1995 yılında yürürlüğe giren Gümrük Birliği anlaşması da Türk sanayimiz açısından önemli bir dönüm noktası oldu. AB ile gümrük duvarlarının kaldırılmasıyla birlikte AB’nin Türkiye’nin dış ticaretindeki payı yüzde 50’ye ulaştı. Özellikle otomotiv, demir-çelik, makine, dokuma ve giyim gibi branşlar ihracatta öne çıktı.
Kısa sürede tüm dünyaya ihracat yapabilen bir ülke olmayı başardık.
Türkiye, 2000’li yıllarda başta Ortadoğu olmak üzere diğer dış pazarları da genişleterek kısa sürede tüm dünyaya ihracat yapabilen bir ülke olmayı başardı. Türkiye artık; Otomotivin yanı sıra tekstil-giyim, gıda, beyaz eşya, ana metal sanayi, kimya ve inşaat malzemeleri gibi sektörlerde rekabet gücünü artıran, bazı firmaların markalaşma yolunda önemli ilerlemeler kaydettiği bir ülke oldu. Son yıllarda savunma sanayinde ve özellikle insansız hava araçları gibi bazı ürünlerde öne çıkan oyunculardan biri haline geldi. Sanayi sektörü, 2010 yılı itibarıyla Türkiye ekonomisindeki payını yeniden artırmaya başlamış ve dönem boyunca büyümenin lokomotifi olmayı sürdürmüştür. Öte yandan dünyada yaşanan teknolojik ve dijital devrimin üretim alanında kullanımının artmasıyla birlikte sektörün rekabet unsurları da hızlı bir değişime uğradı.
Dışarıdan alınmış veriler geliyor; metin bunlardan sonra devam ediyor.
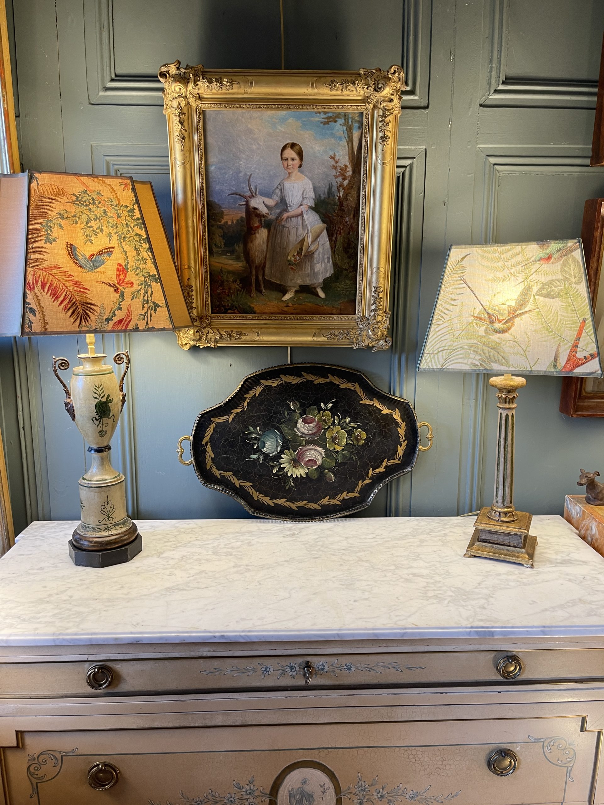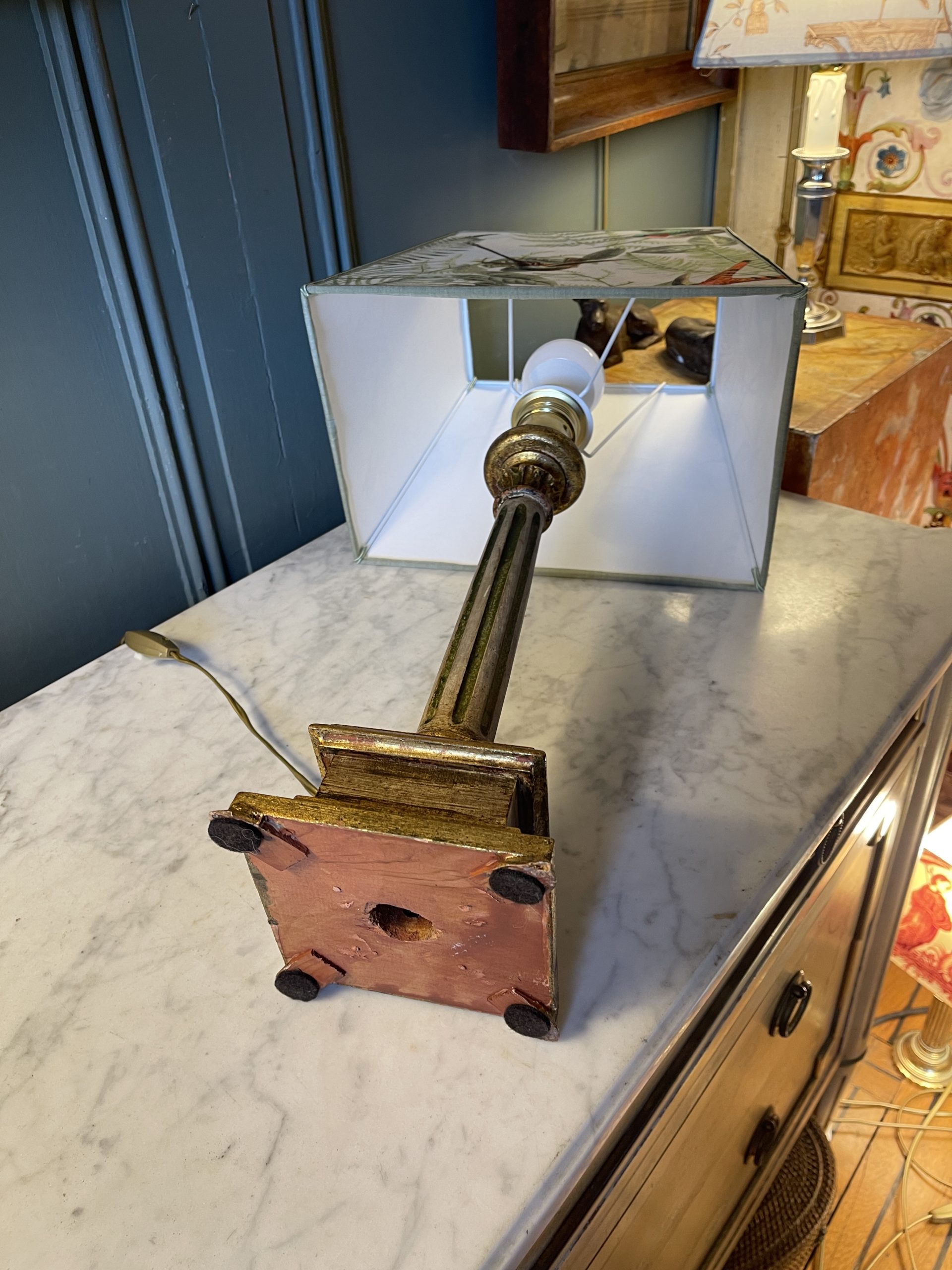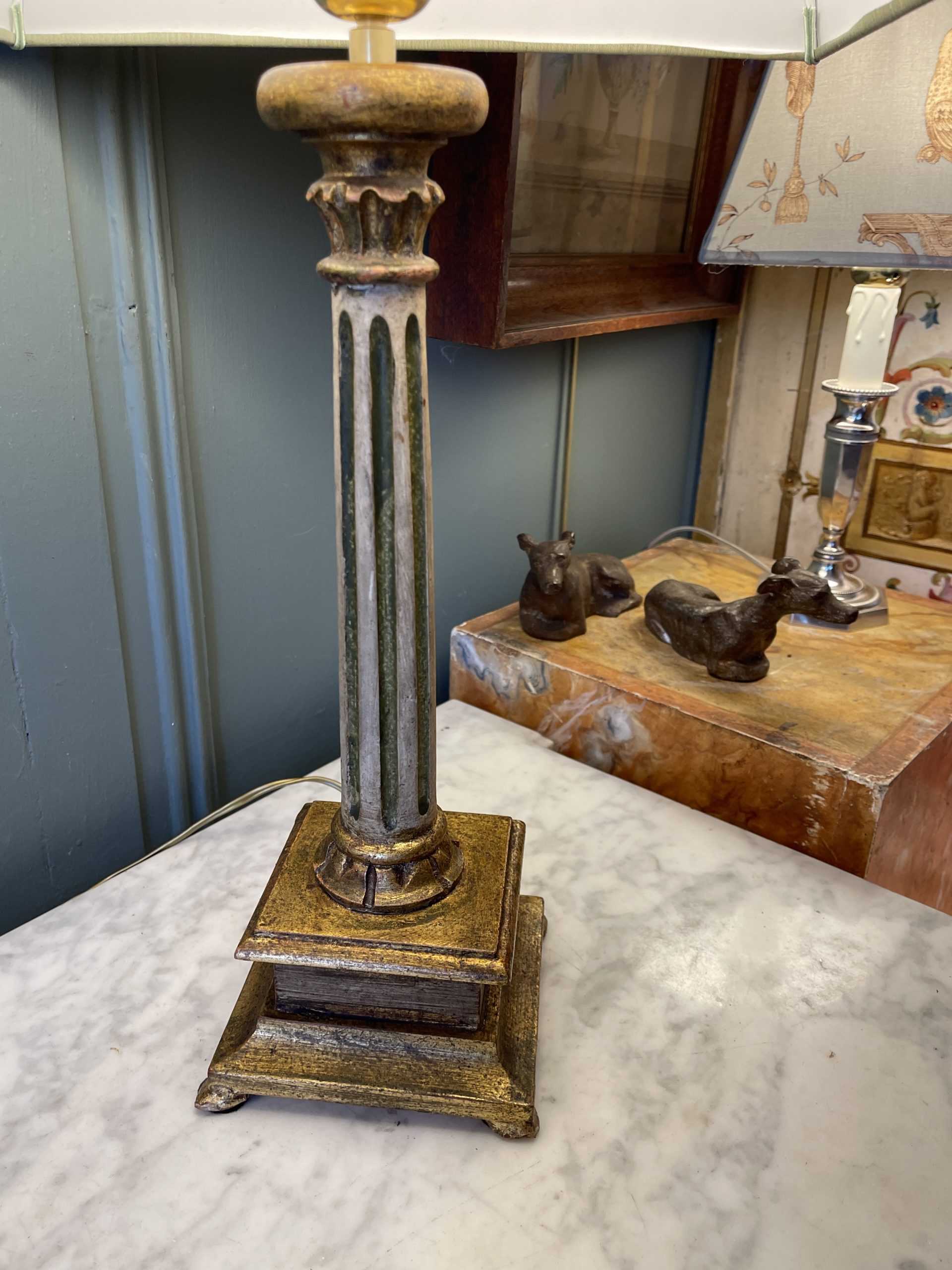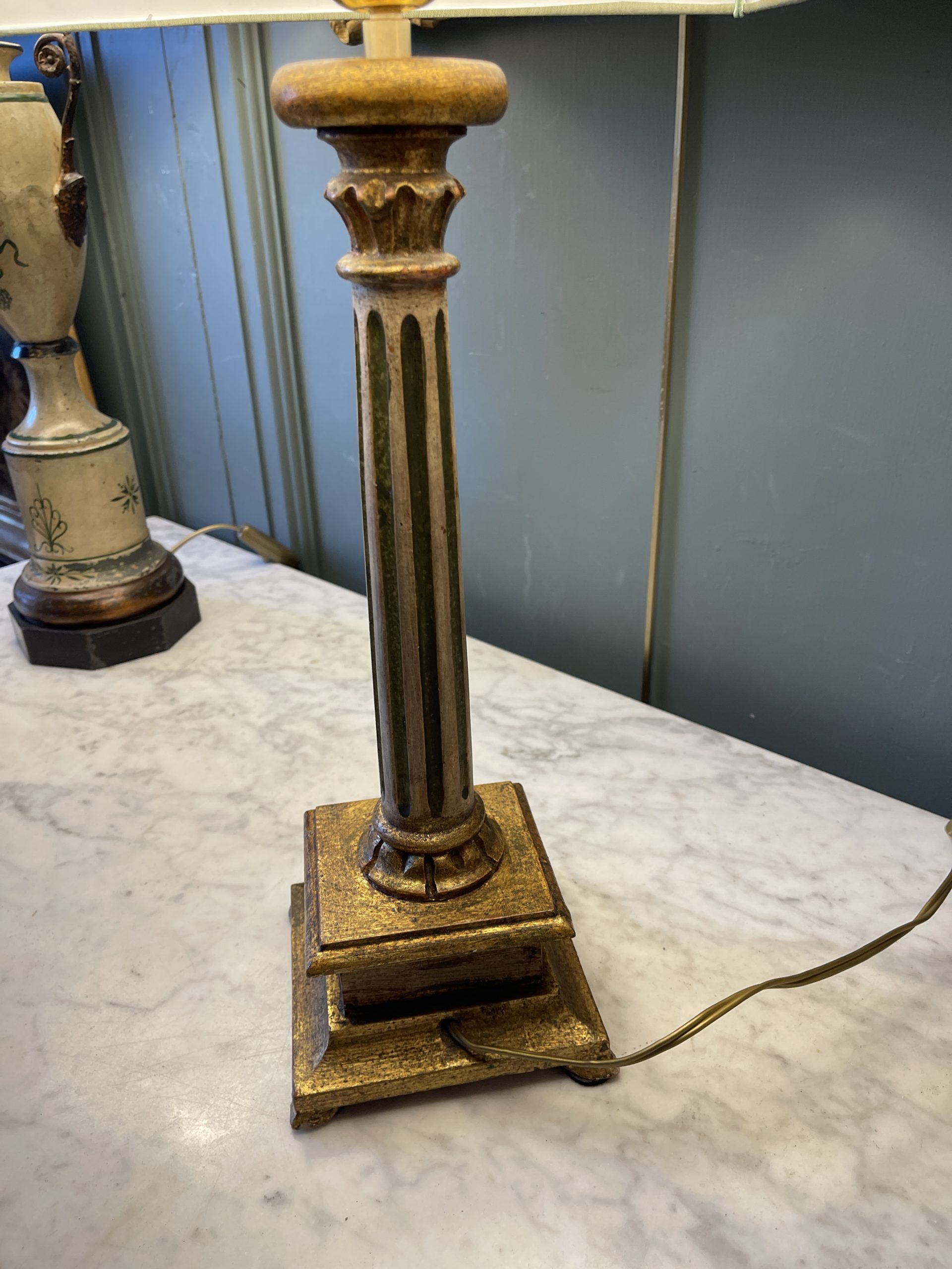 Lampe en bois peint de couleur crème, vert et doré époque XXème.

Yeni parametreler önem kazanıyor
Günümüzde gelişmekte olan ülkelerin rekabet güçlerini koruyabilmeleri için işgücü maliyetleri gibi klasik unsurların yerine toplam faktör verimliliği, yüksek katma değer, bilgi ve teknoloji yoğunluğu gibi parametreler önem kazanmaktadır. Bu nedenle ülkemizde özellikle 2010’lu yılların ikinci yarısında hazırlanan ekonomi programlarında teknolojiye dayalı sanayileşme ve rekabetçiliğin ön plana çıktığı ve bunlara yönelik Ar-Ge teşvikleri, üniversite-sanayi işbirlikleri gibi kamu takviyelerinin ön plana çıktığı görülmektedir. alanları arttı.
2020’li yıllarda küresel ekonomide yaşanan çalkantılı durum, özellikle de Kovid-19’un yarattığı belirsizlikler, artan sürdürülebilirlik sorunları ve finansal istikrar alanında ağırlaşan riskler, Türkiye’yi yakın gelecekte güçlü bir sürecin beklediğini gösterdi. Cumhuriyetin 100 yıllık tarihinin sanayileşme mirasının ve bu uzun dönemden elde edilen başarıların ve alınan derslerin, Cumhuriyetimizin yeni yüzyılının gereklerine uygun bir kalkınmanın yolunu aydınlatacağına inanıyorum.